Ce qui est amusant c’est que la main gauche d’Hillary Clinton, tenant un stylo bleu, est appuyé sur un carnet de rendez-vous, posé sur un classeur qui contient des codes secrets. Comme dans n’importe quelle portrait classique, elle tient en main la preuve de son pouvoir. Alors que le Président, lui, se tient à côté du sac en papier – avec entre autres, cinq rayures oranges – qui devait envelopper du Pop corn. Je note que le tirage venu d’une imprimante couleurs, posé sur l’ordinateur de la Secrétaire d’État a été traité pour que personne ne puisse comprendre ce que cette photo montrait. Les petits carrés, les pixels qui rendent flou le sens de l’image renvoient aux décorations du seul personnage qui reste calme en travaillant. Sa plaque d’identification à l’air d’un gag, il s’appelle Webb, et c’est le seul à rester branché à son ordinateur. C’est le commandant général adjoint pour les opérations spéciales.

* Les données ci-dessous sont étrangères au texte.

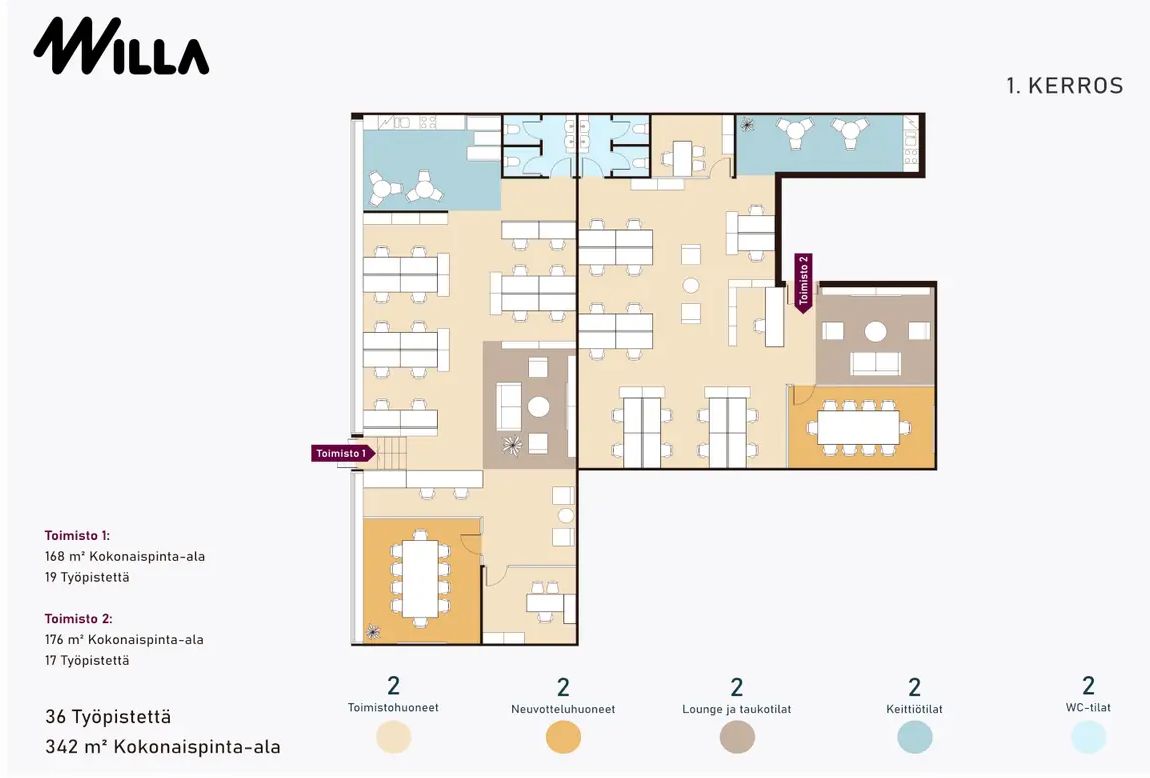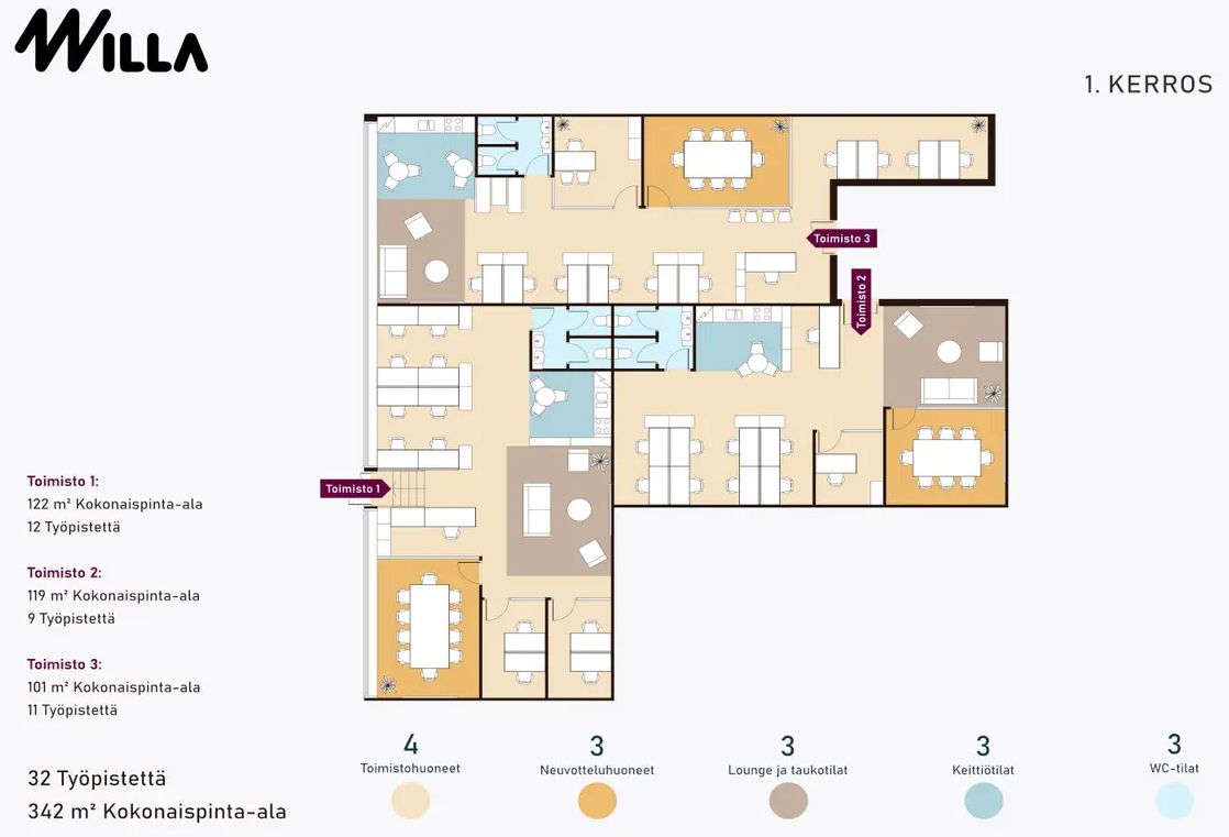 Ennakkomarkkinoinnissa modernit ja muuntojoustavat toimistotilat Kauppakeskus Willan Prismatasolla. Tarjolla tilakokoja 100-340 m2, ja ratkaisut suunnitellaan vuokralaisen tarpeiden ja toiveiden mukaan. Toimistoihin on käynti joko kauppakeskuksen sisältä tai ulkokautta. Erinomainen sijainti lähellä rautatieasemaa ja hyvien julkisten liikenneyhteyksien varrella.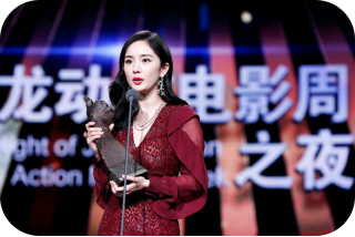 2017年成龙动作电影周-杨幂凭借《逆时营救》获得动作女演员奖奖杯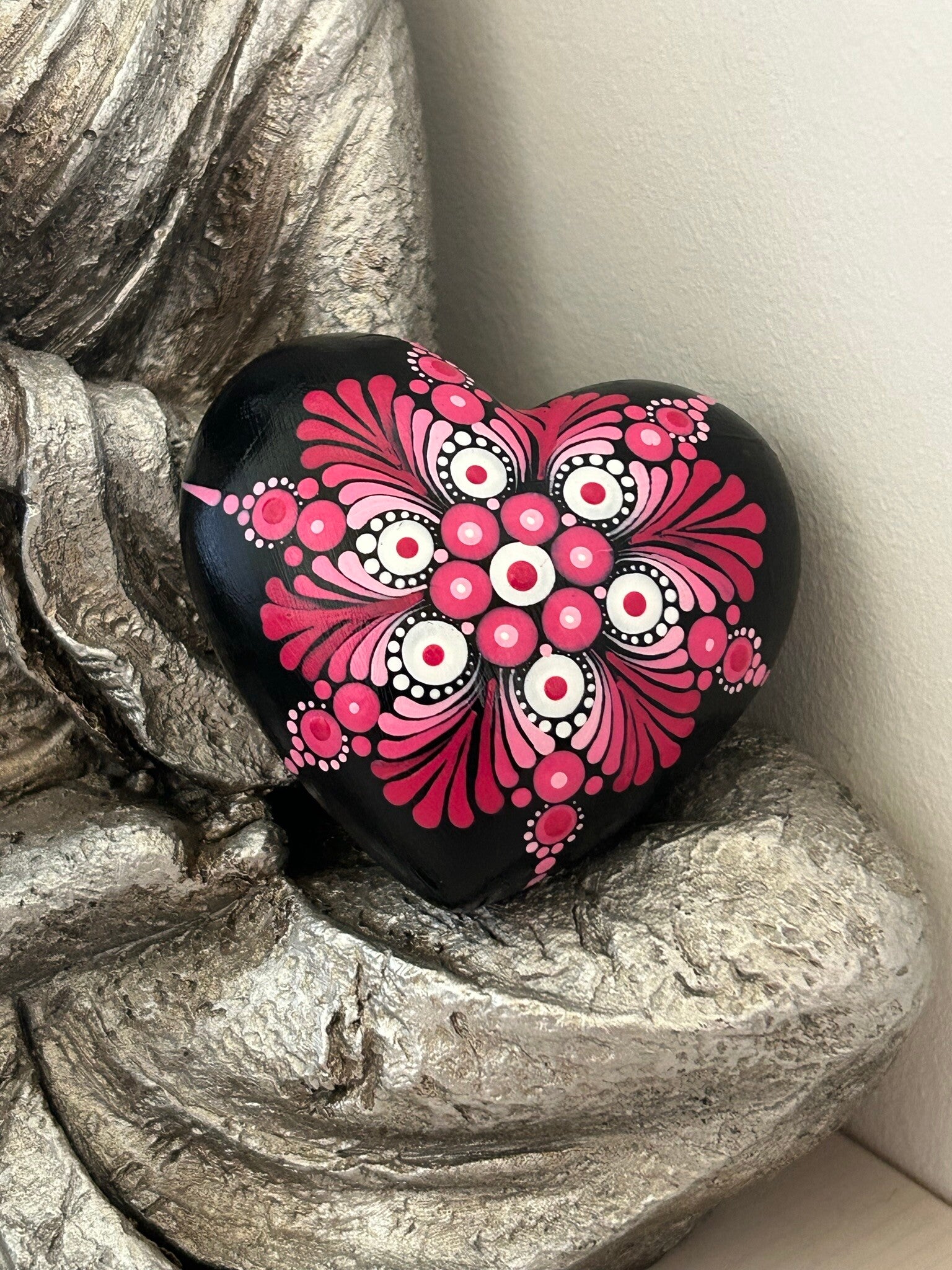 - die Vielfalt meiner Mandala Steine - sowie der Mandala Herzen ist ebenso ein Genuss - es gibt sie in verschiedenen Grössen - noch dazu sind sie von mir aus Gips gegossen , sie werden nach dem Trocknen mit grösster Sorgfalt Punkt für Punkt bedottet.

Il semble être très concentré pour ne pas écrire de bêtises. À côté de lui, juste avant Hillary Clinton, je suppose que le conseiller adjoint à la sécurité nationale, Denis McDonough porte autour du cou son identification : secret service est écrit sur le ruban qui lui permet d’avoir une clef USB suspendue et disponible.Il a la bouche entrouverte, avec un petit rictus au bord des lèvres. Il croise les bras dans une position défensive, comme Robert Gates (secrétaire d'Etat à la défense) flou au premier plan. Croiser les bras, c’est une attitude de refus, tous ceux qui adoptent cette attitude cherchent à se protéger des images qu’ils voient. Ils ne veulent pas montrer leur émotion, ce refus participe de la dramatisation de la scène.

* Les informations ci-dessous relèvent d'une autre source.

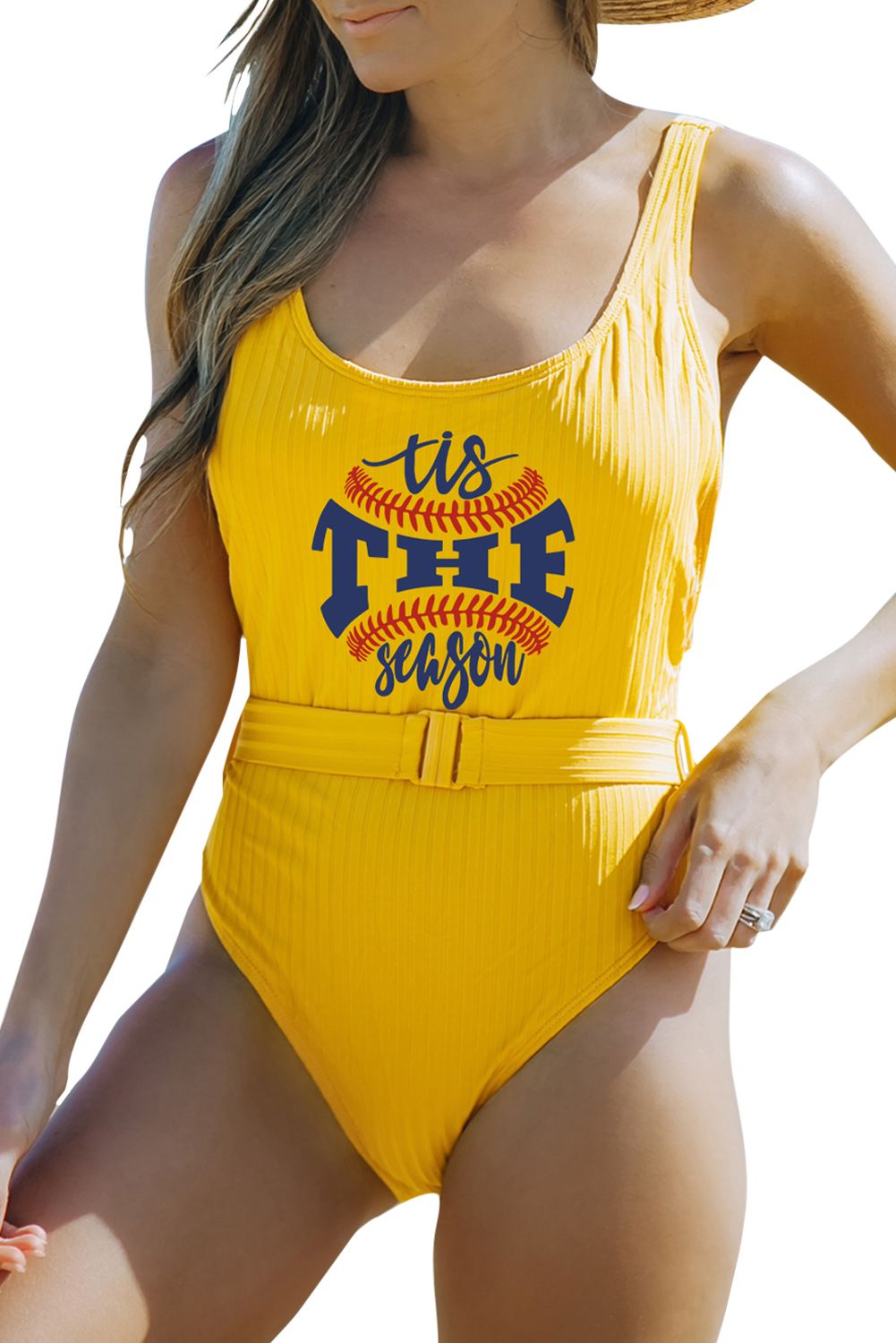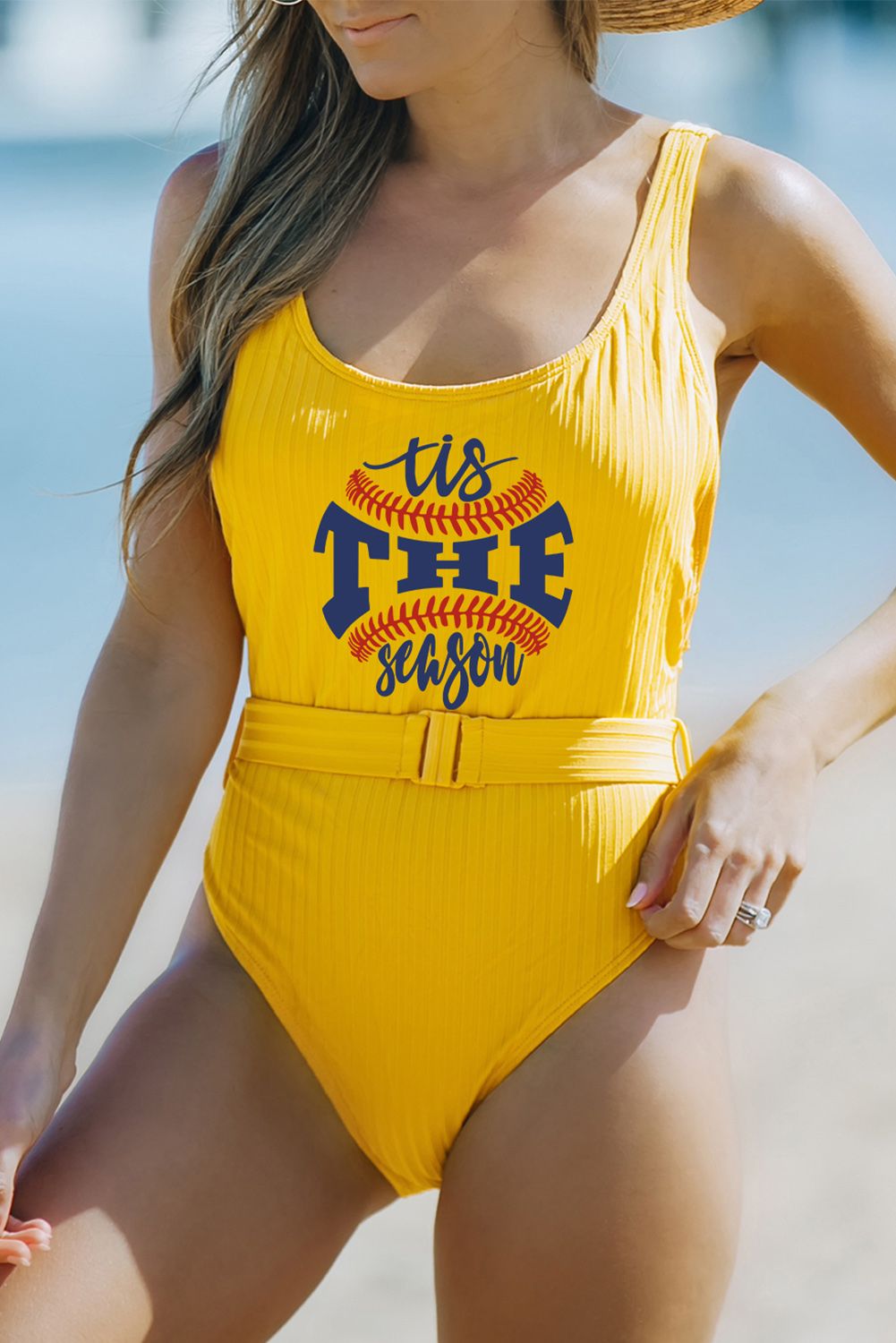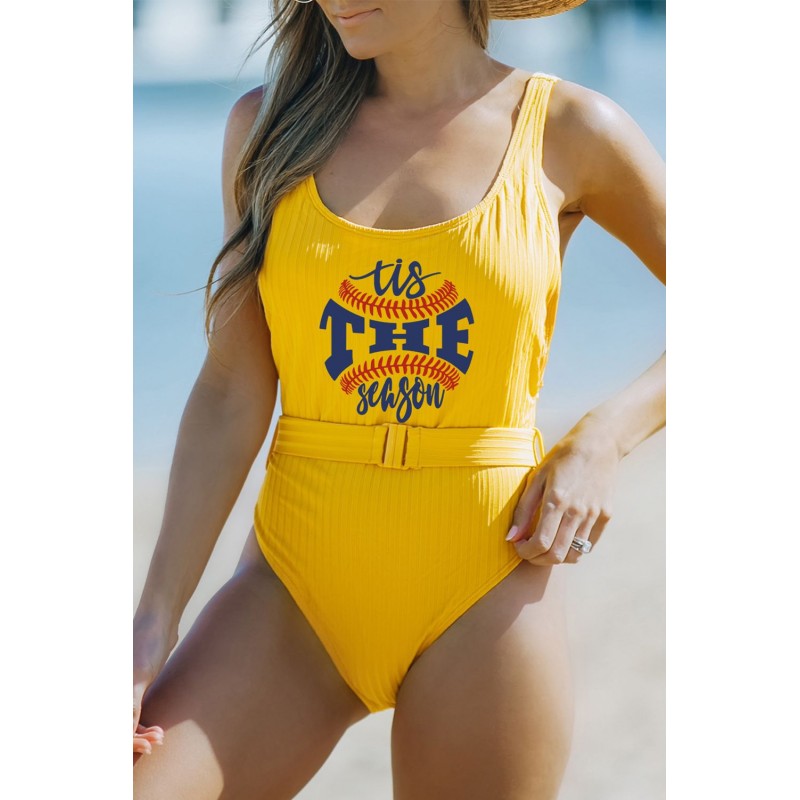 Baseball Letter Print Ribbed Backless One-piece Swimwear

Debout, à partir de la gauche: Mike Mullen, l’amiral et chef d'Etat major des armées américains, a une attitude toute militaire, comme au repos, concerné mais les mains dans le dos, il semble ne voir cela que d’un point de vue professionnelle. Tom Donilon, conseiller à la sécurité nationale, lève le menton dans une attitude virile, mais il est visiblement ému. Bill Daley, secrétaire général de la Maison-Blanche se pince les lèvres, comme s’il se disait qu’il préférerait ne pas être présent ; Tony Binken, conseiller à la sécurité nationale auprès du vice-président et Audrey Tomason directrice du contre-terrorisme ont tous les deux l’air très inquiet et affecté ; John Brennan, assistant du Président pour la sécurité intérieure et le Contre-terrorisme et James Clapper directeur du renseignement national ont le regard assuré de travailleurs en pleine concentration. Cette image doit permettre d’être le support d’une histoire, l’histoire d’une Amérique qui gagne, grâce au travail de tous. Personne ne tire la couverture à lui. Chacun modestement est à son poste, Ben Laden n’existe déjà plus, c’est la puissance de l’Amérique qui compte.

 

Une dernière remarque, les dates historiques semblent être choisies pour changer l’histoire même. Le 11 septembre 2001 aurait pu effacer des mémoires le coup d’État au Chili. La mort de Ben Laden permettra-t-elle d’oublier la fête du travail ? Certainement pas, puisque même cette image proclame l’importance du travail bien fait.